In early April, the ever-expanding Isa family will spawn another member—Lisa, the Lifetime Isa. Anyone aged between 18 and 40 will be able to open a Lisa and benefit from a government promise that for every £1 they put in, up to a ceiling of £4,000 per tax year, the state will add a 25 per cent top up, worth up to £1,000. Provided the resulting fund is used to buy a first home (for no more than £450,000) or is saved for retirement, the 25 per cent bonus is safe. If the holder takes the money out for any other reason, the government top-up is forfeited.
Even allowing for those fiddly conditions, it’s a decent deal—though sadly one for which I am too old to qualify. However, as well as its obvious attractions a number of problems strike me about this new breed of Isa.

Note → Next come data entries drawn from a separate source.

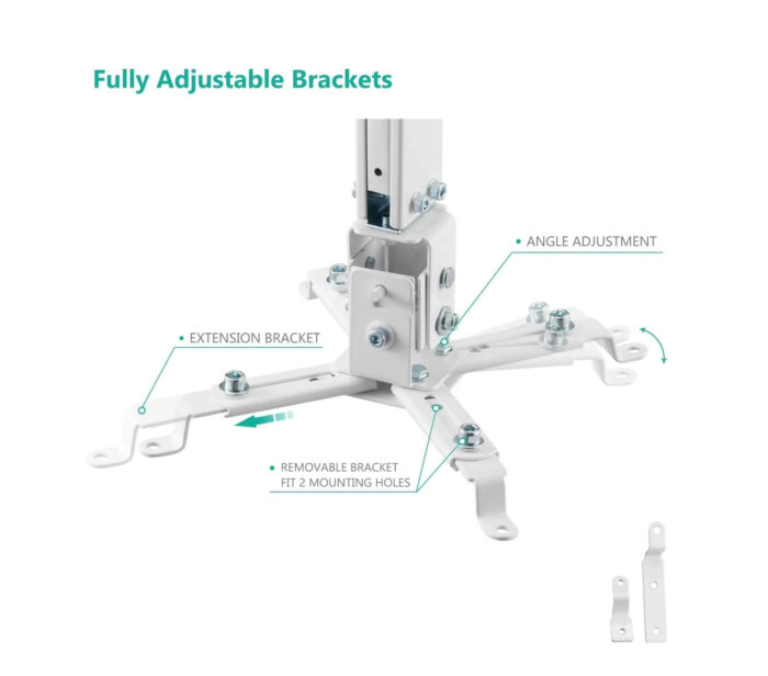 El soporte de montaje en techo WALI está diseñado para adaptarse a una amplia variedad de proyectores, compatible con agujeros de montaje que van desde 8.9 hasta 12.4 pulgadas. Esto lo convierte en una opción ideal para usuarios que buscan una solución universal y funcional para su equipo de proyección.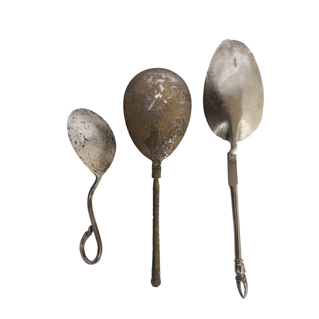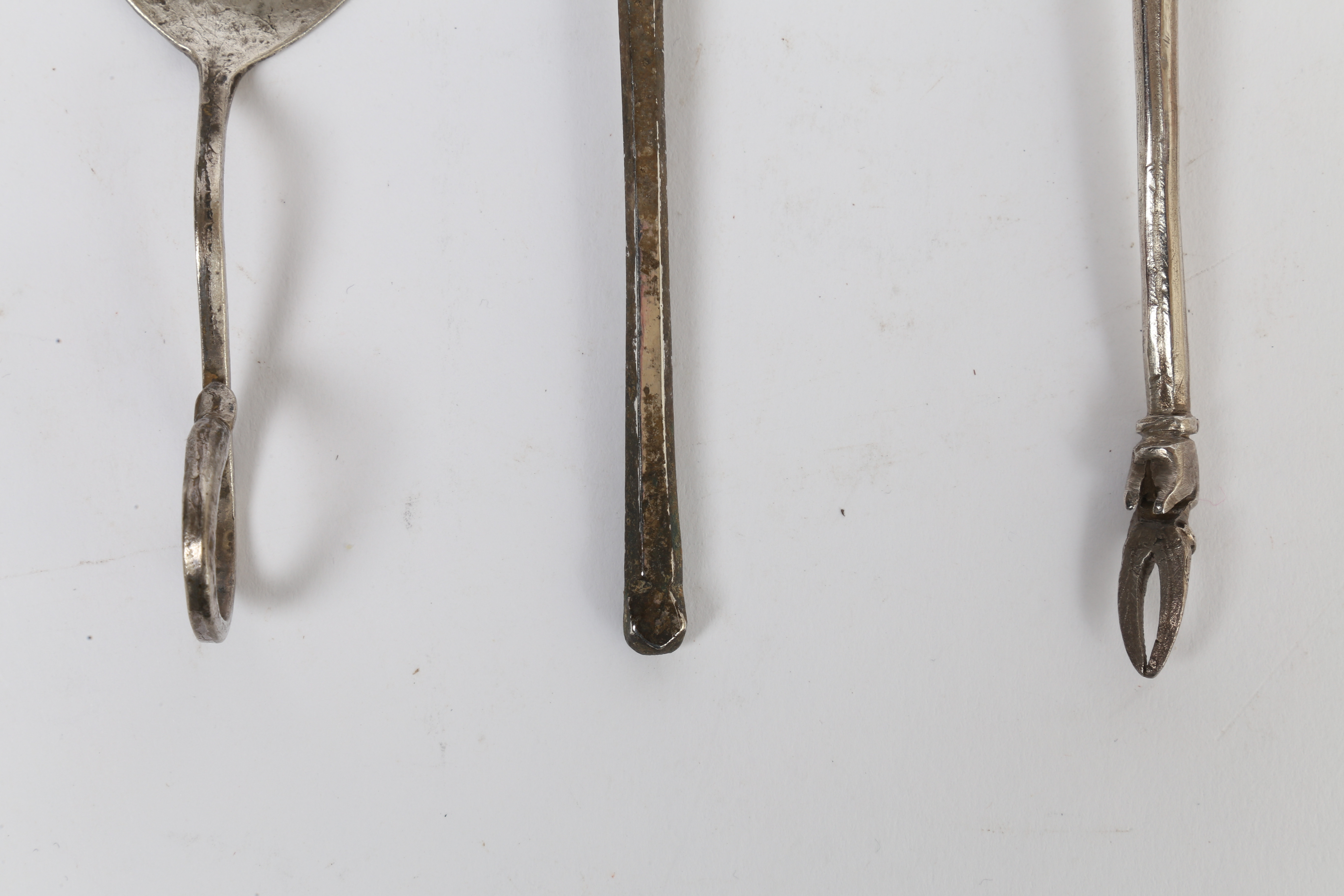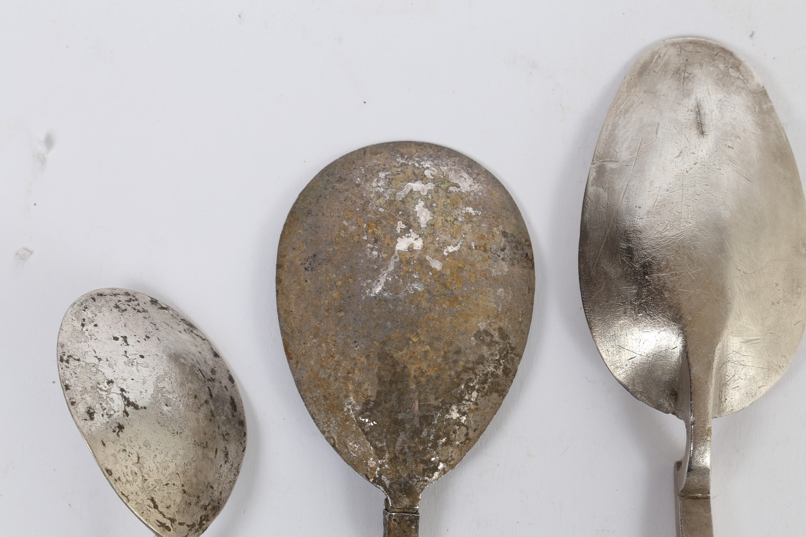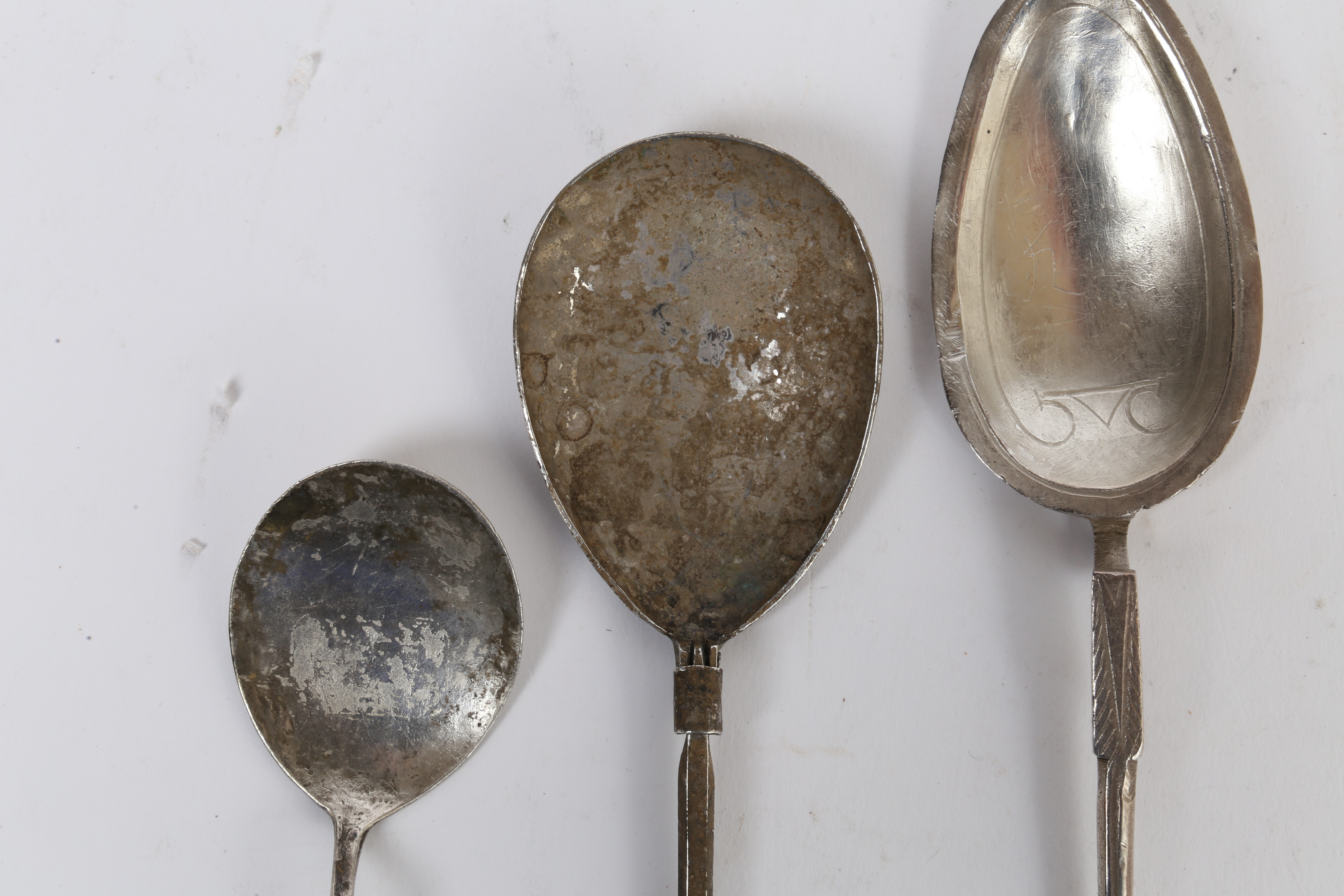 3912926. THREE INTERESTING WHITE METAL SPOONS (3).
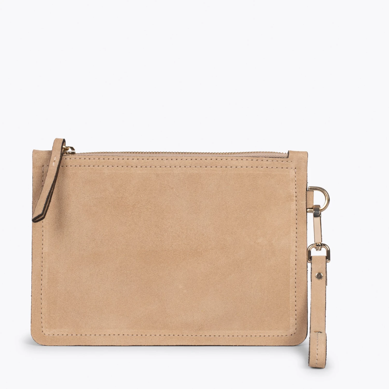 Cette pochette est dotĂ©e d’une fermeture Ă©clair sur le dessus pour une ouverture facile. Vous pouvez la porter au poignet grâce Ă sa sangle, qui peut Ă©galement ĂŞtre retirĂ©e si vous le prĂ©fĂ©rez.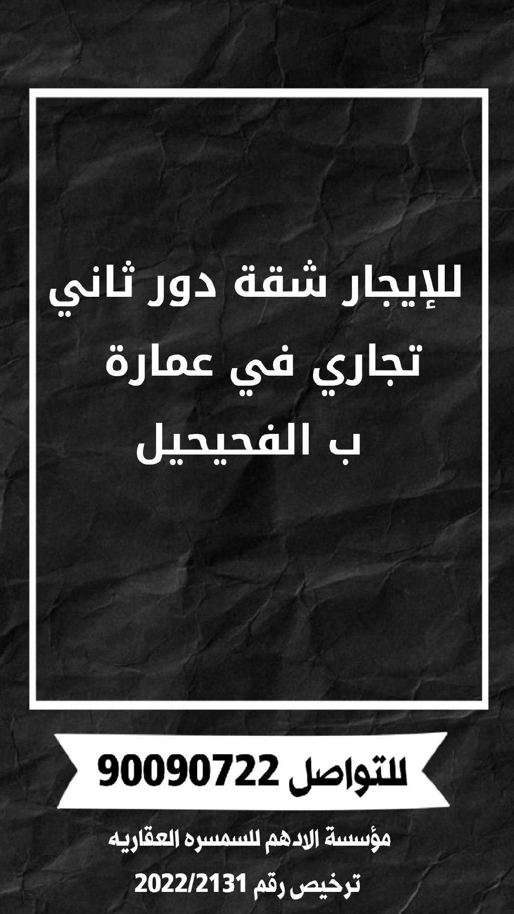 للإيجار شقة دور ثاني تجاري في عمارة ب الفحيحيل للتواصل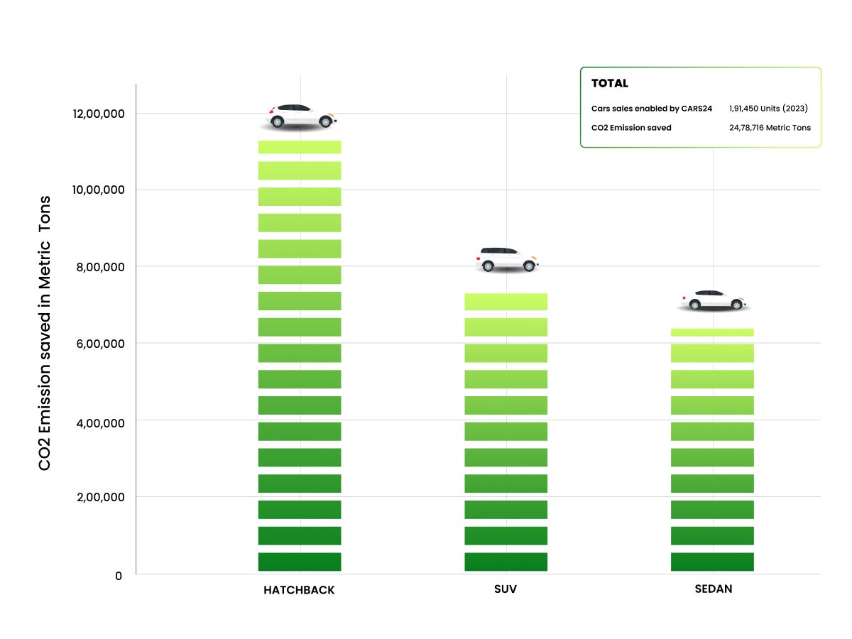 - CO₂ Emissions Reduction: In 2023 alone, Cars24 helped save approximately 2.5 million metric tons of CO₂ by enabling the sale of around 200,000 used cars across body types.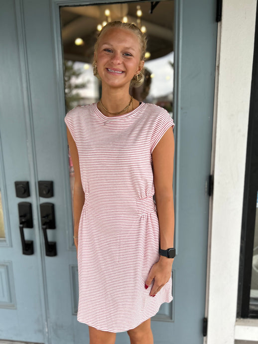 Stripe Crew Neck Muscle Style Mini Dress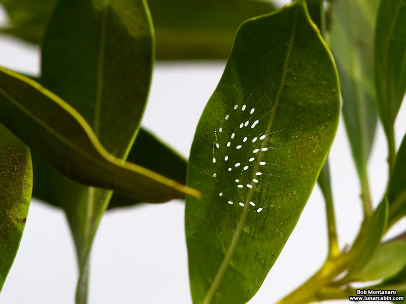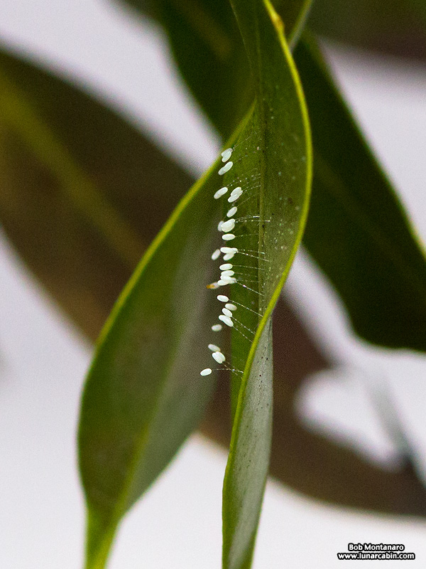 A cluster of eggs at the ends of stalks are the hallmark of a lacewing insect. Once hatched out, the larvae are intense predators of other insects, the adults not so much.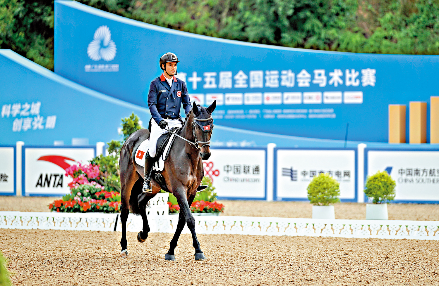【大公報訊】記者郭若溪深圳報道:13日,第15屆全運會馬術三項賽團體決賽暨個人資格賽在深圳開賽。在盛裝舞步項目角逐中,江蘇隊以總罰分91.9分的成績領跑團體賽,廣東隊騎手梁銳基搭檔馬匹「凱麗」以28.0分的總罰分暫列個人資格賽第1。香港隊的蘇昱軒以35.4的罰分排名第16,何誕華、吳蓓華分別排名第22、24。
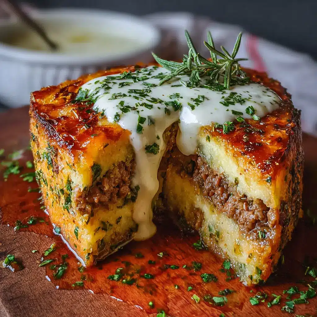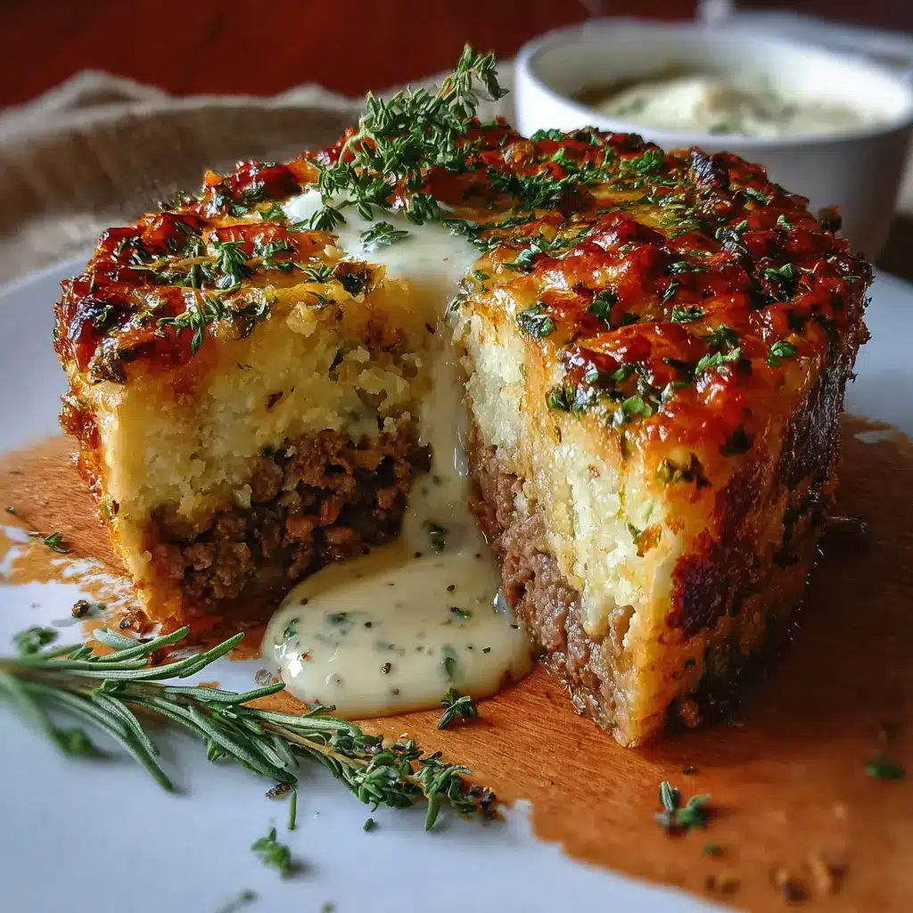 Pastel de Carne de Res con Costra de Hierbas y Salsa Blanca Deliciosa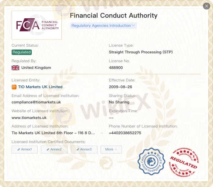 Yes. TIO Markets UK Ltd is FCA‑regulated in the UK, license no. 488900.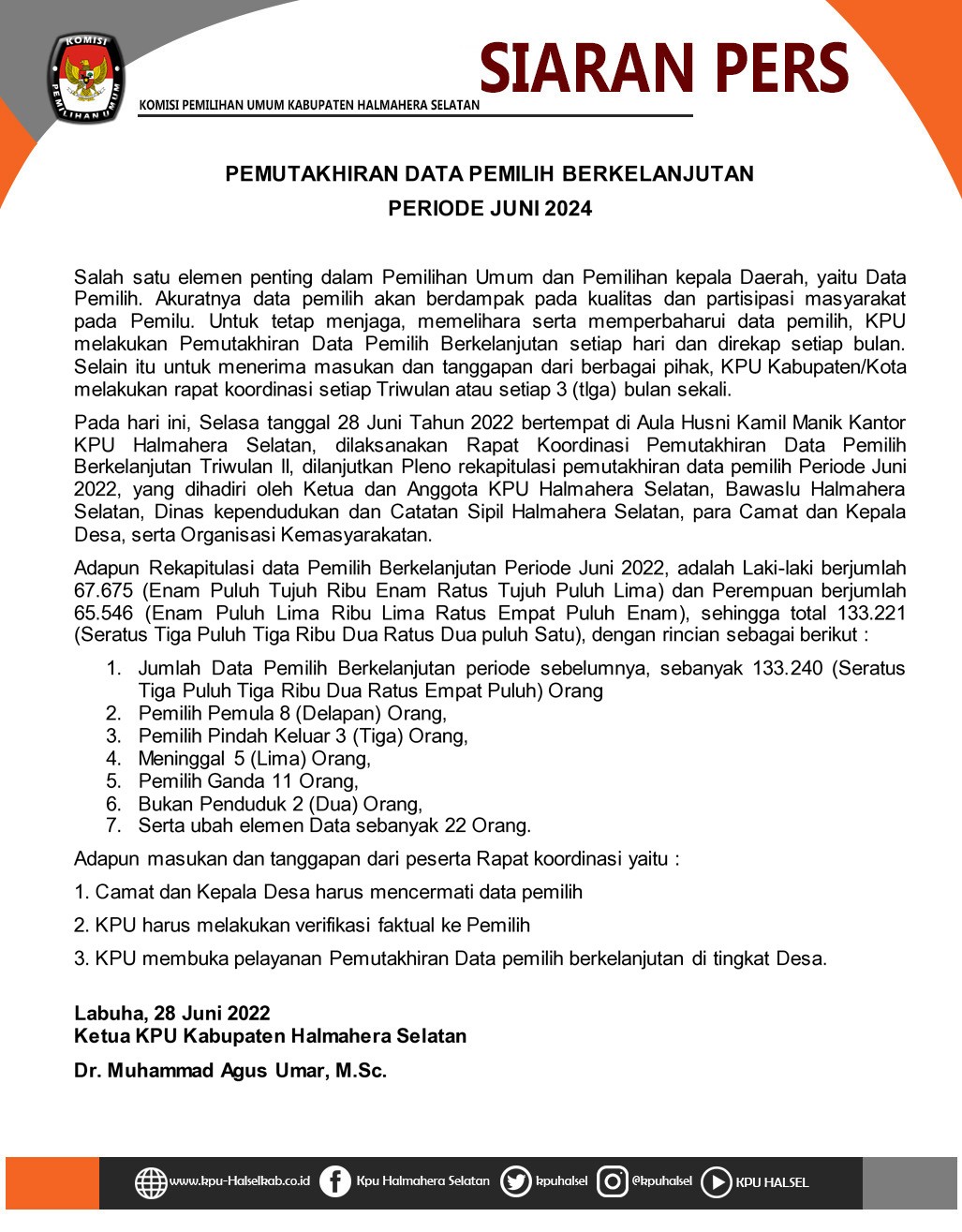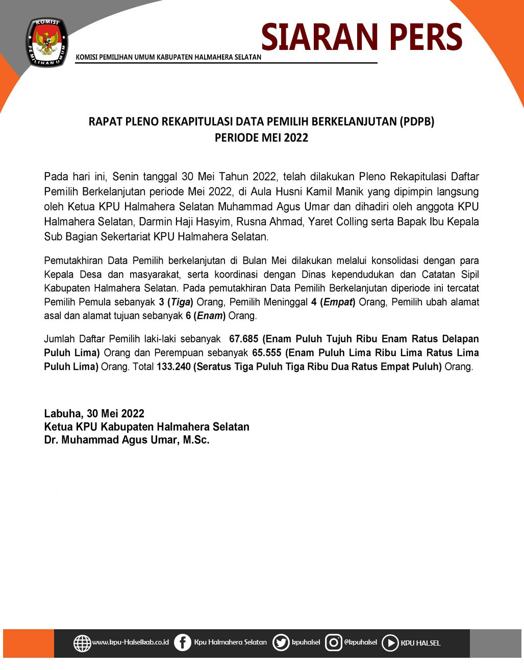 Siaran Pers Rapat Pleno Rekapitulasi Pemutakhiran Data Pemilih Berkelanjutan (PDPB) Periode Bulan Mei Tahun 2022 Senin, 30 Mei 2022 20:22 367 Siaran Pers Rapat Pleno Rekapitulasi Pemutakhiran Data Pemilih Berkelanjutan (PDPB) Periode Bulan Mei Tahun 2022 Baca Selengkapnya

The first is that it is another example of a Treasury savings initiative that partially replicates existing tax incentives. The same is true of the Innovative Finance Isa, designed to exempt income from sources such as peer-to-peer loans from tax—it’s a grand idea but the first £1,000 of interest income for a basic-rate taxpayer is already tax-free under the savings allowance (you need an awful lot of money in the bank to earn more than that these days). Still, I guess you can’t have too many incentives to save and for higher-rate taxpayers, who receive only their first £500 of interest income tax-free, the attractions are more obvious.
In the case of the Lisa, the rather more worrying overlap is with workplace pensions: there are at least superficial similarities between the two in terms of tax breaks. Critics worry that young people with limited capacity to save might be tempted to opt out of workplace pensions, which offer tax relief as well as contributions from their employer, and instead put their money into a Lisa, which gives them more flexibility over how they spend it. If that happens, they will effectively be giving up a pay rise that they have a legal right to receive.
The signs are that some financial services groups are nervous about offering Lisas because they fear they could be hit with yet another misselling scandal further down the road, when people realise what they’ve missed out on. We shall see.
However, for one group, none of this need be too much of a worry: the better off, who usually benefit the most from tax incentives designed to encourage saving. People who pay into pensions for their children (as we do) already receive 20 per cent tax relief on up to £2,880 of contributions per child every tax year, effectively turning monthly contributions of £240 into £300. Now we have another way to claim a 25 per cent state subsidy for passing our wealth on to the next generation: get them to open a Lisa when they reach 18 and start paying into that too.
So for the comfortably off there’s no problem: there is no issue with misselling if the buyer can afford both a Lisa and a workplace pension. For everyone else, this new arrival creates a tricky dilemma.